One of the best books I’ve read this year is Station Eleven by Emily St. John Mandel.

The story is set in a post-plague future where 99% of humanity is dead and the remaining few live mean and difficult lives. But the book is actually about the human need to make art, even in the most terrible of circumstances. A group of musicians and actors travels around the Great Lakes through the ruins of civilization. They play classical music and perform Shakespeare for whatever hardscrabble audiences they find. The banner on their caravan displays a quote from Star Trek: Voyager‘s Seven of Nine: “Survival is insufficient.” In this ruined future, pop cultural artifacts from the past such as graphic novels and celebrity gossip magazines are treasured and held in awe to the same degree as Shakespeare and Beethoven, though for different reasons.

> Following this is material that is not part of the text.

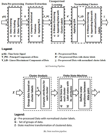 This section discusses the methodology adopted to implement visual analytics approach. Figure 3 shows the methodology pipeline which helps plant operators to understand, visualise, explore, and model the Nuclear Power Plant (NPP) data. The pipeline is divided into two parts based on the operation to be performed on the data. Figure 3a represents the pipeline architecture responsible for carrying out clustering of the data. Clustered representation of data helps in better visualisation and outlier analysis. In order to explore patterns and model the NPP data, clustered representation is generalised as finite state machines. Transformation of the same is illustrated in Figure 3b. The steps and operations associated with both the pipelines are discussed below.

I was thinking about this book as I continued my walk around 27th Street, Chicago, where it intersects Kedzie. Earlier this year, I beheld the Roman ruins at Bulla Regia and spent time communing with Amphitrite and her chums on the floor of in an underground house. Was that mosaic the graphic novel of its day? Do we venerate and preserve it nowadays in part because we know that there will be no more Roman mosaics? And if a Station Eleven-style plague really did ravage our civilization, would the graffiti murals at 27th and Kedzie one day be venerated by the descendants of our survivors? And would those descendants appreciate the murals all the more because of their incredulous understanding that such art was actually illegal in the civilization that produced it?